The NUCLEUS experiment at Chooz aims to detect coherent elastic neutrino-nucleus scattering at very low energies, providing new insights into neutrino properties and potential physics beyond the Standard Model.

Contribution

This work presents sensitivity projections and a likelihood framework for the NUCLEUS experiment, including handling of the low-energy excess and systematic uncertainties, to explore new physics scenarios.

Findings

Projected 4.7 sigma detection of CEvNS in one year

Potential to measure the weak mixing angle at unprecedented low momentum transfer

Constraints on neutrino charge radius and new mediators from CEvNS data

Abstract

The NUCLEUS experiment aims to measure coherent elastic neutrino-nucleus scattering (CE$\nu$NS) at unprecedentedly low nuclear recoil energies using gram-scale cryogenic calorimeters operated at the Chooz nuclear power plant in France.

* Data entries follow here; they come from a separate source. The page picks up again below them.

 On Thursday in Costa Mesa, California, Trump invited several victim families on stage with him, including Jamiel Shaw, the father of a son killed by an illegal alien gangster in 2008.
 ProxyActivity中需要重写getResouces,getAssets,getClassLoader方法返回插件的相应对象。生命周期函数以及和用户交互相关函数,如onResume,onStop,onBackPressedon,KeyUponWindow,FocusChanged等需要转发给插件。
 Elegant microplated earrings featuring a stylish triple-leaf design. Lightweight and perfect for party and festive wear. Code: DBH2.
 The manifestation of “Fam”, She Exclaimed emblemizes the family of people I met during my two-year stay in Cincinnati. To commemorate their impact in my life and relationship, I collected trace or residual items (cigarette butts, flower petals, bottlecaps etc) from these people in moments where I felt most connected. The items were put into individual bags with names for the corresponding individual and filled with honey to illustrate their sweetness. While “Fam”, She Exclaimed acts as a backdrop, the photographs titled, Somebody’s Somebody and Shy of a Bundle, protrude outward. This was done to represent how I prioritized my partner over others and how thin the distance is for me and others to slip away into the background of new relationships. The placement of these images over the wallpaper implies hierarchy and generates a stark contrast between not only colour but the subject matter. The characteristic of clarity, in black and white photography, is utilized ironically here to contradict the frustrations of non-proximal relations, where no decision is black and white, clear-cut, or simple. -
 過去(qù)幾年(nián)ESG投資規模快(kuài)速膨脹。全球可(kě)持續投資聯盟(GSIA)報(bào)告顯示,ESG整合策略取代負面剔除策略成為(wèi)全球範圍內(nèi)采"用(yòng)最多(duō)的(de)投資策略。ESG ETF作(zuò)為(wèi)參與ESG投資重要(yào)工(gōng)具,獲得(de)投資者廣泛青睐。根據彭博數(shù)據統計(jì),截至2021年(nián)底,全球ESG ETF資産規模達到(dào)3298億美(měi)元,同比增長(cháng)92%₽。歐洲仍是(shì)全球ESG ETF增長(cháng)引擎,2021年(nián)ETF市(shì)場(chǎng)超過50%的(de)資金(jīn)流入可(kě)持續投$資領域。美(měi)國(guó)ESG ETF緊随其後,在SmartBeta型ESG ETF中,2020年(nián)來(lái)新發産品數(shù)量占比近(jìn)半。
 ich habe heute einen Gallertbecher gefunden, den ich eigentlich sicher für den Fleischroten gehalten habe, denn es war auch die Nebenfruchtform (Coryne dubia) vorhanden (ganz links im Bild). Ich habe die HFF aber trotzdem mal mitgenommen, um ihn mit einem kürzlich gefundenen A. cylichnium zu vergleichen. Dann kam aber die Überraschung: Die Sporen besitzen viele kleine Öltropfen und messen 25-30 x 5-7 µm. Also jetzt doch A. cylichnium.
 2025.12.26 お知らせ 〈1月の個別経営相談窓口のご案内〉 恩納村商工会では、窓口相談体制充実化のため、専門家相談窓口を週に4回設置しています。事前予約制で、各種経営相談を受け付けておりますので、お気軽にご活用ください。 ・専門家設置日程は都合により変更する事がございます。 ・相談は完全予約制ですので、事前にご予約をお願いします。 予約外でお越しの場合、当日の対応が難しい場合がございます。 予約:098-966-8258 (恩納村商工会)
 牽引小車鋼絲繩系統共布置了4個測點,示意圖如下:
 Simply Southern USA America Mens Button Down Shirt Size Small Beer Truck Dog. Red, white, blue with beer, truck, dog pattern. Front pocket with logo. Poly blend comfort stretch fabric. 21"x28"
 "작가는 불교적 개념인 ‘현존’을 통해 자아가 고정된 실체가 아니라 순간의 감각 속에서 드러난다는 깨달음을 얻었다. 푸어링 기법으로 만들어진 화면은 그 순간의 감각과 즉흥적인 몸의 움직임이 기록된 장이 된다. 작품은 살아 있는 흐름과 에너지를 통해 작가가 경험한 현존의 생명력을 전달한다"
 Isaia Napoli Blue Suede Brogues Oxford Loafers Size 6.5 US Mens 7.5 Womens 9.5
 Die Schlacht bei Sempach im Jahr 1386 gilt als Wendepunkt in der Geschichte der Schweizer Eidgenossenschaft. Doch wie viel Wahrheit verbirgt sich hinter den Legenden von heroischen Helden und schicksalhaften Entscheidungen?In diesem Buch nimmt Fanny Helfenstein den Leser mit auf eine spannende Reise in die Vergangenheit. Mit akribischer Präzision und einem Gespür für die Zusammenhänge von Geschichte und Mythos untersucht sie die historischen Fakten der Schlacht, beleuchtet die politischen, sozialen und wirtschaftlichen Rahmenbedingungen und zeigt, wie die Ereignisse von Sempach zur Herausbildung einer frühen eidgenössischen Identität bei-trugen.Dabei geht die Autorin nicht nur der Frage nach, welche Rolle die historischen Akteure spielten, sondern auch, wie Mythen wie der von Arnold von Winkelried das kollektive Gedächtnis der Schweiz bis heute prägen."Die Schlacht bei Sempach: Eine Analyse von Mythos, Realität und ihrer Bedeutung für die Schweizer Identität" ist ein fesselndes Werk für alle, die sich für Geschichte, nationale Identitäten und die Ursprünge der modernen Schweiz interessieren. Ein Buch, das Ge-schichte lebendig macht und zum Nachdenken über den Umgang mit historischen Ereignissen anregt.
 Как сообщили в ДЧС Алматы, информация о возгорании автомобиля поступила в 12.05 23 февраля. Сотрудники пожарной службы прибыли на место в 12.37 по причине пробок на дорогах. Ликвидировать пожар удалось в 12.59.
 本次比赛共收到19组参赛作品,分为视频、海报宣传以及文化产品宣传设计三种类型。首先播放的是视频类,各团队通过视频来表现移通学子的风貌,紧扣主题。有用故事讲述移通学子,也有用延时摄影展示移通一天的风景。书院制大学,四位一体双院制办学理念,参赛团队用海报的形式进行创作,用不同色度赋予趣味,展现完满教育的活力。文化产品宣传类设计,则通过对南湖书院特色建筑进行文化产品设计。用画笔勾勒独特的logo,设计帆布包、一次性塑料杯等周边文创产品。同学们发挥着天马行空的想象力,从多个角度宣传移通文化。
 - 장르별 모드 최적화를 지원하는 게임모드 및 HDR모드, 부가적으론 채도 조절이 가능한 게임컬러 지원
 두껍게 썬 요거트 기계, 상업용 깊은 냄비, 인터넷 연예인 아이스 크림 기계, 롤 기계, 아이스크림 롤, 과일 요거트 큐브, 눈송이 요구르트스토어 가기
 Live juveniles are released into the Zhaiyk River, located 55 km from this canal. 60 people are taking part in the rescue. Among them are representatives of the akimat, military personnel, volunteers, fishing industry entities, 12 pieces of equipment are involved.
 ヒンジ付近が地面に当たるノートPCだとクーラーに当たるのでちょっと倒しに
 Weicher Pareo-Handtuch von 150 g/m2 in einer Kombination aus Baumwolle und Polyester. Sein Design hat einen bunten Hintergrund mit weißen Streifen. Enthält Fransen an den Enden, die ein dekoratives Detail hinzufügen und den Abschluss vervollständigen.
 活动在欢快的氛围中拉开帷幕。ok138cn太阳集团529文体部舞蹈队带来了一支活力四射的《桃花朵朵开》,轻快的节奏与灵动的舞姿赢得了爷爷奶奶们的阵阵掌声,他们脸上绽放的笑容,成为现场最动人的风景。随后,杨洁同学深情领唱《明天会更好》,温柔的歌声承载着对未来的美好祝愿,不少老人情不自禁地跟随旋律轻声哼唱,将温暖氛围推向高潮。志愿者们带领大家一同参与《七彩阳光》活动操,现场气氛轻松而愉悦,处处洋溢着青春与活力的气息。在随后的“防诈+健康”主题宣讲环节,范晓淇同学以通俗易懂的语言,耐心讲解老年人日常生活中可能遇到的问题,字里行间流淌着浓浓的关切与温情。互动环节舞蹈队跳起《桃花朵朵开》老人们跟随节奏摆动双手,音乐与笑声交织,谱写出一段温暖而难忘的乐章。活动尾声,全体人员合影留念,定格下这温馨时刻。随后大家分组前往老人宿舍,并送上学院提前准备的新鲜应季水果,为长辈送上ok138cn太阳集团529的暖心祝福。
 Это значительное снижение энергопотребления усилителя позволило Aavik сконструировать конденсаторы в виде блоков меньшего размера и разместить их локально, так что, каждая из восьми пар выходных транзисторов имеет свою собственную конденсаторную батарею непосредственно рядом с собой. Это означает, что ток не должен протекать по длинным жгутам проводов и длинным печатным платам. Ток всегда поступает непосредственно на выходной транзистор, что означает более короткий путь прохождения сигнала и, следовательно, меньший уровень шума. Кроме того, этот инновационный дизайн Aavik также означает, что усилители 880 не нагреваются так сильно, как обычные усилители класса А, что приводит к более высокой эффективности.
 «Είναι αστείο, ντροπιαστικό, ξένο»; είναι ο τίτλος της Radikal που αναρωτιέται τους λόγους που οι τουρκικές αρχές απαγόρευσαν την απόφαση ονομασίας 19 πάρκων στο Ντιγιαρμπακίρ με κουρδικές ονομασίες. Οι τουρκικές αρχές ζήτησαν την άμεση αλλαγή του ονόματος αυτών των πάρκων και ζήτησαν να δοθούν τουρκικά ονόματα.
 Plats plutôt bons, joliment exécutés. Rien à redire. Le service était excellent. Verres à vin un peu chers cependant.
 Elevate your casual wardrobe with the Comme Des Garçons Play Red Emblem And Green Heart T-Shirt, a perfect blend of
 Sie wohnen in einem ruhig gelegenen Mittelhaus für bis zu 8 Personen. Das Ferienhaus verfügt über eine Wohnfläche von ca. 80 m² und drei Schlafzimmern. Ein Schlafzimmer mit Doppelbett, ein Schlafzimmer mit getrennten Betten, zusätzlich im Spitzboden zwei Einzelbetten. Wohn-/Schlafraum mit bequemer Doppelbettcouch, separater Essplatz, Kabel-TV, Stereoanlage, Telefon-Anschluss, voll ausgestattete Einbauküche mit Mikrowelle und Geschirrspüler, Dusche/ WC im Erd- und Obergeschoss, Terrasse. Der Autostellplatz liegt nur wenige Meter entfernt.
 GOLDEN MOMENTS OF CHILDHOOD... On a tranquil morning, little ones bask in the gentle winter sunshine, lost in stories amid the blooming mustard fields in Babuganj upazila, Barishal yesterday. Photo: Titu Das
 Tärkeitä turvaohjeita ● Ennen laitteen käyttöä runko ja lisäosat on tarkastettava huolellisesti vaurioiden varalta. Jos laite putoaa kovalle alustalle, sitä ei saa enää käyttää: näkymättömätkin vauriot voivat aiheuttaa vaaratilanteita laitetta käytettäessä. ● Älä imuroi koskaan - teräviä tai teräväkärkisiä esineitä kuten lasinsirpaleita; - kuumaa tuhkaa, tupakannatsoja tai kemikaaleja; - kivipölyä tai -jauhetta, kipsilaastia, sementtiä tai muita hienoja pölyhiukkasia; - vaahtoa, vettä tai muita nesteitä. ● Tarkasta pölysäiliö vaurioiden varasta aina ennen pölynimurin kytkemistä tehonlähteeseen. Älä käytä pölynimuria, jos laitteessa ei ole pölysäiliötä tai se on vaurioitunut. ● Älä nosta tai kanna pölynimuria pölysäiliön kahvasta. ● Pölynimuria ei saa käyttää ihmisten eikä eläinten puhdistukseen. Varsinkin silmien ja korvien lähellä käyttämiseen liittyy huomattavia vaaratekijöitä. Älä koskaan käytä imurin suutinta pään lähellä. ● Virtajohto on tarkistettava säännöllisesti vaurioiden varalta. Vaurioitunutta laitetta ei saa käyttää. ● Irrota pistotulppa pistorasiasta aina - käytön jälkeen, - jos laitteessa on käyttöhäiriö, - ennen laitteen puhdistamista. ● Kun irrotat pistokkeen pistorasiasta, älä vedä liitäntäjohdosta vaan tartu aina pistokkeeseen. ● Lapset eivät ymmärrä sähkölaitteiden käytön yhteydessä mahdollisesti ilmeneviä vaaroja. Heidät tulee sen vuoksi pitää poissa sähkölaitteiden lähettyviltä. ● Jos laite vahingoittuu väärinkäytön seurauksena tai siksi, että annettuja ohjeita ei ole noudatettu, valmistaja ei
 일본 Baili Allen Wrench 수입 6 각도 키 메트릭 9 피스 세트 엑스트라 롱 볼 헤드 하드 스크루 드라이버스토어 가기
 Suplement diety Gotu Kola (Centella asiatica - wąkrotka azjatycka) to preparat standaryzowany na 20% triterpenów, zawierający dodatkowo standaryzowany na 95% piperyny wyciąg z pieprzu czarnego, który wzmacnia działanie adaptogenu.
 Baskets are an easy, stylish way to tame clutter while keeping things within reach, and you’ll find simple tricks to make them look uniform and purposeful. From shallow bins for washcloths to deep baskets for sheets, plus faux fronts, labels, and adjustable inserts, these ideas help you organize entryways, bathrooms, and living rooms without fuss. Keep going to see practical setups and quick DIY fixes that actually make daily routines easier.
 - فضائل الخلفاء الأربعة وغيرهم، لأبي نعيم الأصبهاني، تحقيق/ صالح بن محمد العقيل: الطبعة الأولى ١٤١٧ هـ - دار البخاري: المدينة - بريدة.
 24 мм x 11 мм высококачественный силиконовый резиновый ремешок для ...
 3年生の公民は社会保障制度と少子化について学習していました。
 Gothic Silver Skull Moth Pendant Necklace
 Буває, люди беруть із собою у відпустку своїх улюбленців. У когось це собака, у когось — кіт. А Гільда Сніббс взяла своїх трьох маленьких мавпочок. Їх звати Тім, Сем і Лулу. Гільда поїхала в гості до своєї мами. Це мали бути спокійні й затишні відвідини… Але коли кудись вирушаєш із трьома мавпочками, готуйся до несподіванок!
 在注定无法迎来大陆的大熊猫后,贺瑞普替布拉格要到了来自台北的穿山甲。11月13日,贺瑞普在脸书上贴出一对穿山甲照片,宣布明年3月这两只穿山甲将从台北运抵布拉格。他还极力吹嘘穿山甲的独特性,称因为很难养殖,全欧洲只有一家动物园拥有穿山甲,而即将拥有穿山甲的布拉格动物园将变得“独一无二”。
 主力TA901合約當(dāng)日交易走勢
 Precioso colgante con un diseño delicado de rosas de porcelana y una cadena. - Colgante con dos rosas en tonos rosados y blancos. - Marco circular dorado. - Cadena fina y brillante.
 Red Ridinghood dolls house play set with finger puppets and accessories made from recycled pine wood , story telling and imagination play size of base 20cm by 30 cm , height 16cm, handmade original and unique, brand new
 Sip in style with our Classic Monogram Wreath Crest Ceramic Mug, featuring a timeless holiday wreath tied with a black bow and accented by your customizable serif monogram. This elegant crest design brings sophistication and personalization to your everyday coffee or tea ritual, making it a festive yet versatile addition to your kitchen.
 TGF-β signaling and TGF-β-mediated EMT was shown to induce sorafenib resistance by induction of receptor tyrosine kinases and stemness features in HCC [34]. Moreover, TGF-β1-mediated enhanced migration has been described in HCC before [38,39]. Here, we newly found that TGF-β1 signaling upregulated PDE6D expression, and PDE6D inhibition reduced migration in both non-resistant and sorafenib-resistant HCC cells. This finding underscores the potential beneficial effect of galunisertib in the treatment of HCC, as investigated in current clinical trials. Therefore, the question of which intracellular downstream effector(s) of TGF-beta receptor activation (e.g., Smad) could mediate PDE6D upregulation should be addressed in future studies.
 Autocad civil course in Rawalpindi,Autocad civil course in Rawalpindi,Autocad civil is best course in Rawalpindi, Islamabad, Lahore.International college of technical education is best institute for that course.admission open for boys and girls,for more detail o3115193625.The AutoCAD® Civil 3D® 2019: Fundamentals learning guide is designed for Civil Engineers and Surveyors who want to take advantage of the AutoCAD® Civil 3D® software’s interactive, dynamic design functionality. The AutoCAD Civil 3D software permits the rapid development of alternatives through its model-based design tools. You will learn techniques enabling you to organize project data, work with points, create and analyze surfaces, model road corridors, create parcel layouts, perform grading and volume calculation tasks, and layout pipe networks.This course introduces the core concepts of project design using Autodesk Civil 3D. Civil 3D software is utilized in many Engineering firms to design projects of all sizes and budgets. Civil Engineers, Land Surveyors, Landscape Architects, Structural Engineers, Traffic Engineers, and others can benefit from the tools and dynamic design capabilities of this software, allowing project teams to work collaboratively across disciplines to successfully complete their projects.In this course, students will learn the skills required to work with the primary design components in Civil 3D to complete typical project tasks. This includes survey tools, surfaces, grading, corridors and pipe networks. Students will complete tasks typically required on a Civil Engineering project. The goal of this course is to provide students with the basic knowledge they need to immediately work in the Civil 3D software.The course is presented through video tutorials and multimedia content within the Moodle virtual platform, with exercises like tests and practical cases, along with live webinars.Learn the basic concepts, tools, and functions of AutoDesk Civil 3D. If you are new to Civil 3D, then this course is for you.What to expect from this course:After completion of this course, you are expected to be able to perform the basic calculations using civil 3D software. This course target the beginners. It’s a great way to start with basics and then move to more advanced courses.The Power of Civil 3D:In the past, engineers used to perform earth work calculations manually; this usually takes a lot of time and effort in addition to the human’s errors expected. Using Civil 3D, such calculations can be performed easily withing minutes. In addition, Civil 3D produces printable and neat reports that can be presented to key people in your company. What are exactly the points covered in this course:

Access to recoil energies at the $\mathcal{O}(10~\mathrm{eV})$ scale enables CE$\nu$NS studies at extremely low momentum transfer and provides enhanced sensitivity to new physics. In this work, we present sensitivity projections for the upcoming NUCLEUS technical and physics runs, incorporating a data-driven treatment of the low-energy excess (LEE) observed during commissioning. We develop a likelihood framework that exploits reactor-power variation to disentangle signal and background in a low signal-to-background regime and to assess the impact of the dominant systematic uncertainties. For the Technical Run with a 7 g CaWO$_4$ target, we find competitive sensitivity to several scenarios beyond the Standard Model, which do not require a CE$\nu$NS observation. For the Physics Run, assuming complete suppression of the LEE, we project a 4.7 $\sigma$ observation of CE$\nu$NS with a statistical precision of about 20 % in 1 year, enabling a determination of the weak mixing angle at the lowest momentum transfer probed to date with CE$\nu$NS and leading CE$\nu$NS-based constraints on the neutrino charge radius and new mediator models.